I was all set to hate this post, but I found I ended up largely agreeing with
it, especially the quoted bit above. I remember working on a very focused NLP
tool a few years ago and needed a comprehensive English Lexicon. No problem,
I'll just scrape WordNet or similar, not even close. Then you start dealing
with stemming and conjugations and such and realize that almost all of the
algorithms for dealing with this kind of thing would barely even be hacks in
software terms, yet there they sit, regurgitated in countless libraries,
generating garbage stems all over the place. It ends up just being easier
collecting all the stemmed forms as well and just building some smart in-
memory indexes and data structures for searching millions of words.
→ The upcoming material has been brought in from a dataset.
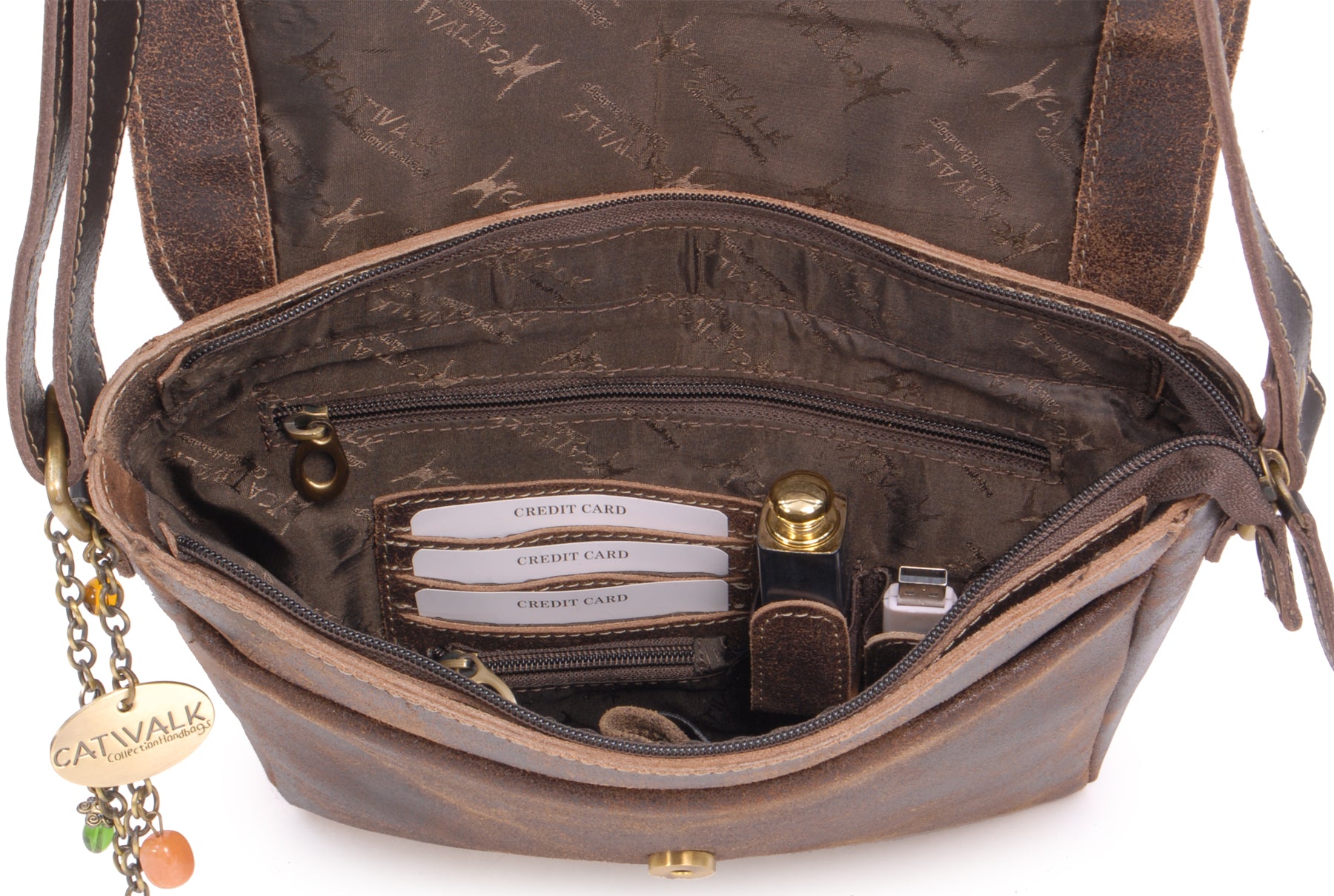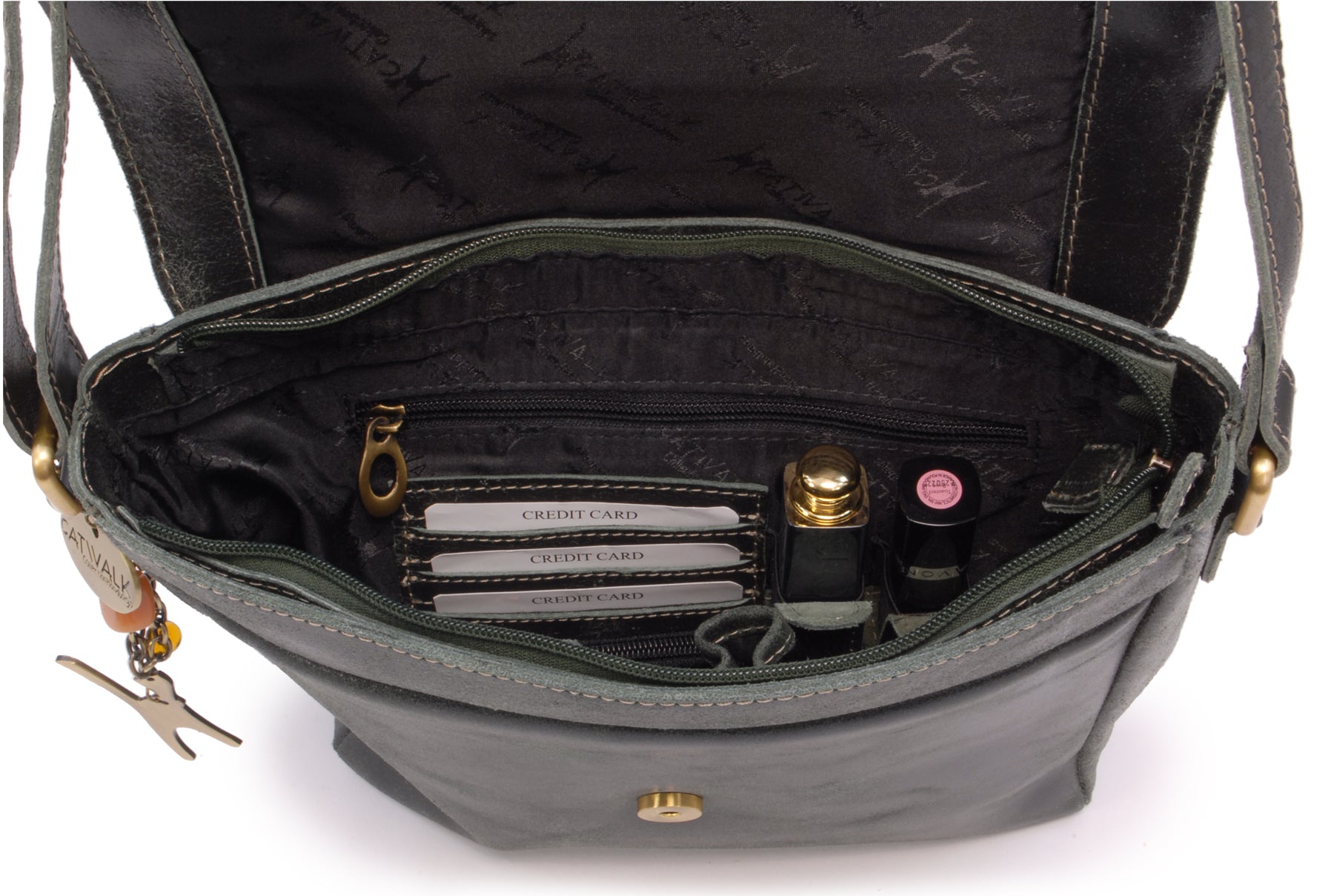 Crafted from distressed leather for a relaxed, vintage look, the bag features a secure flap-over design with a magnetic closure and concealed zip closure. The interior is thoughtfully organised with dedicated compartments for pens, lipsticks, credit-cards , and a mobile phone, while a zipped rear pocket offers quick access on the move.

Vector space models? Why do they work? Nobody really seems to know! Just jam
all your words into some matrixes and run some simple calculations and voila
you get something seems to kind of like it sorta works some of the time.

Sentence tokenization is stupid hard, but shouldn't be, parantheses have all
kinds of different meanings, commas are a mess...English is stupid.

The worst bit though really is that most of the research->turned into software
assumes astonishingly brittle models about the language which almost never
seems to describe any _actual_ usage of the language which always means very
frustrating _almost_ right results out of NLP systems. My previous sentence,
for example, would cause most NLP software to blow a gasket.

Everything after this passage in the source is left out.